Trotzdem fügen Sie mit jedem Bissen fast jedem Gewebe, System und Organ in Ihrem Körper Schaden zu. Hier nur einige der Symptome, die dies hervorrufen kann:

Kopfschmerzen und Abgeschlagenheit
Chronische Probleme mit den Nasennebenhöhlen und ein schwächeres Immunsystem
Arthritis, Knochen- und Gelenkschmerzen
Nährstoffmängel und eine lange Liste von Hautproblemen, darunter alles von Ausschlägen bis Falten.

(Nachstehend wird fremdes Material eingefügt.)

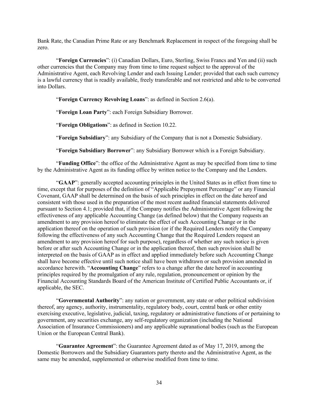 34 Bank Rate, the Canadian Prime Rate or any Benchmark Replacement in respect of the foregoing shall be zero. “Foreign Currencies”: (i) Canadian Dollars, Euro, Sterling, Swiss Francs and Yen and (ii) such other currencies that the Company may from time to time request subject to the approval of the Administrative Agent, each Revolving Lender and each Issuing Lender; provided that each such currency is a lawful currency that is readily available, freely transferable and not restricted and able to be converted into Dollars. “Foreign Currency Revolving Loans”: as defined in Section 2.6(a). “Foreign Loan Party”: each Foreign Subsidiary Borrower. “Foreign Obligations”: as defined in Section 10.22. “Foreign Subsidiary”: any Subsidiary of the Company that is not a Domestic Subsidiary. “Foreign Subsidiary Borrower”: any Subsidiary Borrower which is a Foreign Subsidiary. “Funding Office”: the office of the Administrative Agent as may be specified from time to time by the Administrative Agent as its funding office by written notice to the Company and the Lenders. “GAAP”: generally accepted accounting principles in the United States as in effect from time to time, except that for purposes of the definition of “Applicable Prepayment Percentage” or any Financial Covenant, GAAP shall be determined on the basis of such principles in effect on the date hereof and consistent with those used in the preparation of the most recent audited financial statements delivered pursuant to Section 4.1; provided that, if the Company notifies the Administrative Agent following the effectiveness of any applicable Accounting Change (as defined below) that the Company requests an amendment to any provision hereof to eliminate the effect of such Accounting Change or in the application thereof on the operation of such provision (or if the Required Lenders notify the Company following the effectiveness of any such Accounting Change that the Required Lenders request an amendment to any provision hereof for such purpose), regardless of whether any such notice is given before or after such Accounting Change or in the application thereof, then such provision shall be interpreted on the basis of GAAP as in effect and applied immediately before such Accounting Change shall have become effective until such notice shall have been withdrawn or such provision amended in accordance herewith. “Accounting Change” refers to a change after the date hereof in accounting principles required by the promulgation of any rule, regulation, pronouncement or opinion by the Financial Accounting Standards Board of the American Institute of Certified Public Accountants or, if applicable, the SEC. “Governmental Authority”: any nation or government, any state or other political subdivision thereof, any agency, authority, instrumentality, regulatory body, court, central bank or other entity exercising executive, legislative, judicial, taxing, regulatory or administrative functions of or pertaining to government, any securities exchange, any self-regulatory organization (including the National Association of Insurance Commissioners) and any applicable supranational bodies (such as the European Union or the European Central Bank). “Guarantee Agreement”: the Guarantee Agreement dated as of May 17, 2019, among the Domestic Borrowers and the Subsidiary Guarantors party thereto and the Administrative Agent, as the same may be amended, supplemented or otherwise modified from time to time.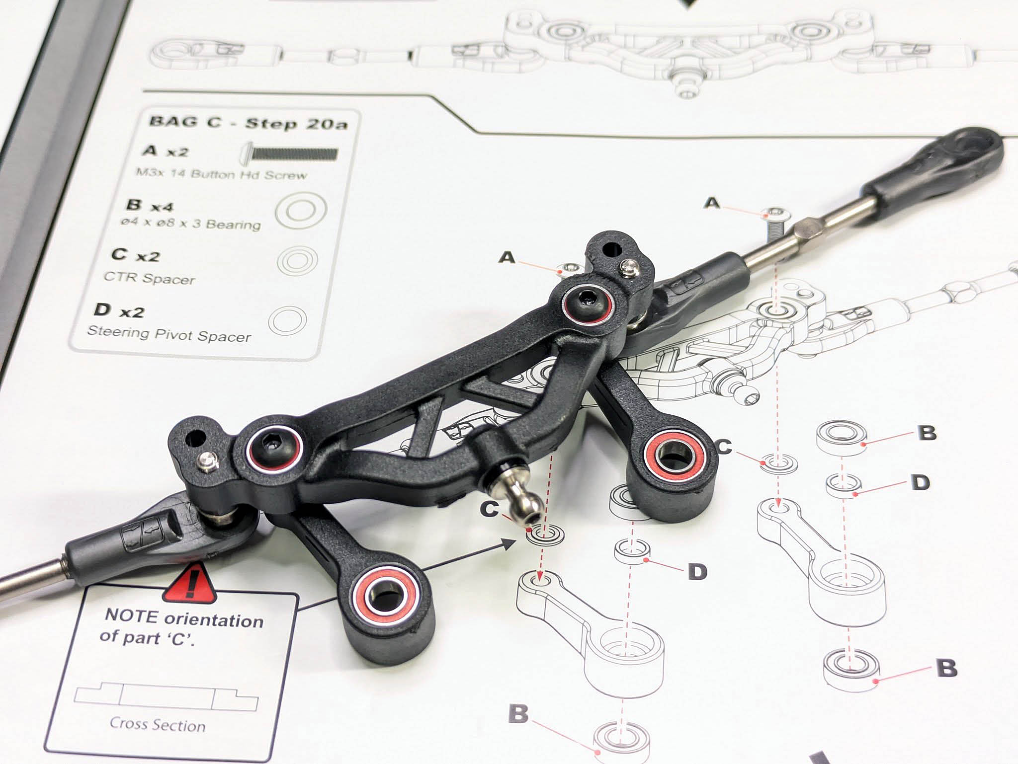 There are a couple of places where I stumbled - essentially because having built more than a few cars over the years, I felt quite justified in taking only a cursory glance at the manual, and then getting on with the next step. That meant I missed the fine detail a couple of times - different width inner and outer wheel bearings, or different length front castor block screws, for example - and had to back-track to fix operator-induced errors. The manual is easy to follow, and quite clear on what's required - I just chose to ignore it and paid the price.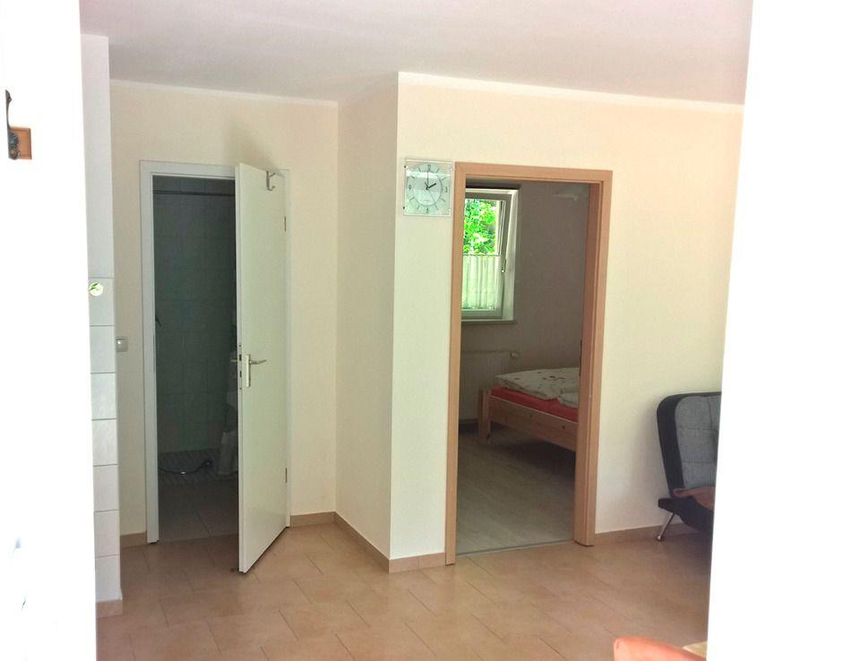 Sie betreten diese Doppelhaushälfte im Wohnbereich, der mit einer Anrichte, einem TV-Gerät, einer Schlafcouch und einem Couchtisch ausgestattet ist. Die Kochnische hat zwei Elektroherdplatten, einen Kühlschrank mit Tiefkühlfach, eine Mikrowelle, Kaffeemaschine, Toaster, Wasserkocher und einen Tisch mit zwei Stühlen. Das Schlafzimmer ist mit einem Doppelbett und einem Kleiderschrank eingerichtet. Im Bad ist eine Dusche und ein WC. Weiterhin steht Ihnen eine Terrasse mit Gartenmöbeln und Holzkohlegrill sowie ein PKW Stellplatz zur Verfügung. Ein Spielplatz und ein Fußballplatz sind in der Nähe.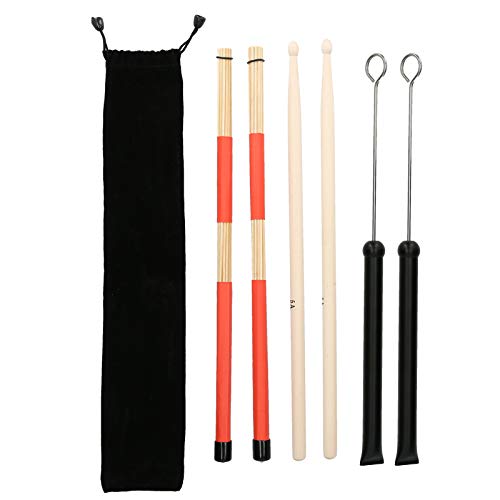 WEKADRIN Kit de Baguettes 5A Épaisses et Balais Métalliques Extensibles pour Batterie – Ensemble Percussion Paquet de Transport – Accessoires Professionnels pour Batterie Acoustique et

Noch beunruhigender ist aber:
Die Forschung zeigt, dass Weizen eine Vielzahl von Autoimmunerkrankungen (der Körper bekämpft sich dabei selbst) auslösen kann, darunter Diabetes Typ 1, rheumatoide Arthritis und multiple Sklerose.
Ein im Journal der American Medical Association veröffentlichter Bericht zeigt, dass Menschen mit Glutenempfindlichkeit, die dennoch Getreide verzehren, ihr Sterberisiko um bis zu 75 % erhöhen!
Das New England Journal of Medicine führt 55 Folgeerscheinungen auf, die durch den Verzehr von Gluten hervorgerufen werden können, darunter:

Krebs
Herzerkrankung
Osteoporose
Reizdarmerkrankung
entzündliche Darmerkrankung
Fibromyalgie und chronische Müdigkeit
Schilddrüsenstörungen
Anämie
Epilepsie
Aphthen
Lupus

Und es beeinträchtigt nicht nur Ihren Körper…
Der Brotwahn: belasten Sie Ihr Gehirn nicht mit Getreide!
Vor mehr als 50 Jahren stellten Ärzte fest, dass bei manchen Geisteskranken eine Spontanheilung auftrat, wenn diese kein Brot zur Verfügung hatten.
Es wurde sogar der Begriff „Brotwahn“ geprägt, um Schizophrenie zu beschreiben.
Vor kurzem haben Ärzte an der Duke University über eine Frau berichtet, die seit 50 Jahren an Wahnvorstellungen und Halluzinationen litt und schon mehrere Suizidversuche unternommen hatte. Sie stoppte die Aufnahme von Weizen und innerhalb einer Woche verschwanden ihre Symptome!
Wenn Sie (oder jemand, den Sie kennen) schon einmal unter Depressionen… Schlaflosigkeit… Beklemmungen… Demenz… oder fast jedem anderen psychiatrischen oder neurologischen Problem gelitten haben – dann stehen die Chancen gut, dass eine getreidefreie Ernährung helfen würde.